I attended a lecture recently on evolution by an ordained rabbi who also happens to be a university biology professor. He maintained that the empirical evidence in favor of the scientific consensus regarding evolution and the age of the universe is overwhelming, but argued very passionately that, far from being a challenge to traditional Judaism, modern science can be seen to fit well with the classical Biblical commentaries of the Talmudic and Medieval eras. He showed how mainstream Judaism has never taken a literal view when reading Genesis and severally criticized the fundamentalist Christians (and more recently, ultra-orthodox rabbis) who reject evolution outright. I found his talk to be refreshing but not necessarily novel. I remember that when I was growing up the vast majority of my teachers and peers each came up with some scheme within his or her own mind to reconcile religious faith with science, since they held both to be correct. I found that in practice, this meant that there was not a great deal of difference in how they approached the natural world compared to atheists, except that they would think "look how marvelous God made the world to be," instead of "look how marvelous geological forces and natural selection have made the world to be." Believers in this kind of "theistic evolution," which holds that God directed natural forces as a means to create human life, can (and do) become successful Biologists and Biomedical researchers. This is in stark contrast to fundamentalists who feel that they have to reject huge swaths of science (cosmology, geology, biology, physics, astronomy, paleontology...) in order to justify a literal understanding of a ancient book. I strongly doubt that such a person could really participate in real research without a huge amount of mental compartmentalization and/or cognitive dissonance.
However, I am not so thrilled by theistic evolution either, even though I used to be a strong believer in it for many years. It is really a compromise, a forced syncrotism for the times when one wants so badly for one's dearly held religious beliefs to be in sync with empirical observations . So while I commend believers who possess the intellectual honesty to say that the evidence backing evolution and the age of the universe is convincing, I wish that they could just take that one further step and see how having a deity is no longer a necessary component. However, I know from experience that there is a huge emotional gap between believing in theistic evolution (and therefore being about to go on with one's regular religious beliefs and practices) compared to taking that final step and becoming an atheist.
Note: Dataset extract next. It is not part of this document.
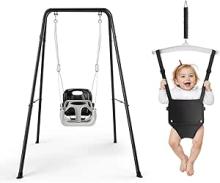 nmoiww Balançoire 2 en 1 pour bébé avec support en métal, ceinture de sécurité, siège à bascule pour l'intérieur et l'extérieur, noire : Amazon.com.be: Jouets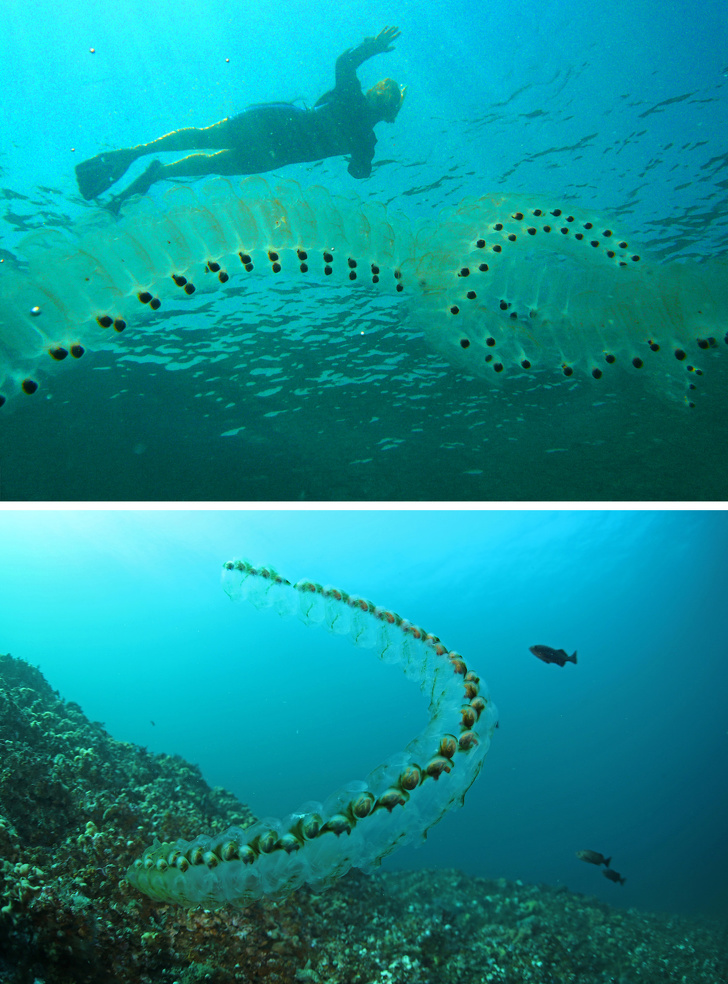 Сальпи — вільно плаваючі морські істоти. Вони часто поєднуються в ланцюжки довжиною до декількох метрів. Сальпи допомагають людству в боротьбі з глобальним потеплінням тим, що переробляють парниковий газ. А ще ці дивовижні створення світяться в темряві.

On a related note, I've also found a rather lengthy but very well researched letter from a religious Jew which articulates a litany of logical difficulties inherent in belief in the inerrancy of the Bible and Talmud. I've always been especially disturbed by apologists who try to justify statements in the Talmud about spontaneous generation, folk remedies, or astronomy etc. that are currently known to be wrong by saying that "the sages were right then, but now nature has changed." I feel that to claim that, for example, lice really did come grow out of the dirt two thousand of years ago (as was believed by the Greeks) but nature suddenly changed between then and now so that they reproduce sexually just because an text taken to be "received wisdom" says so shows how strongly critical thinking is being suppressed. This is especially ironic considering that the Talmud itself is basically one long exercise in critically analyzing rabbinic dicta.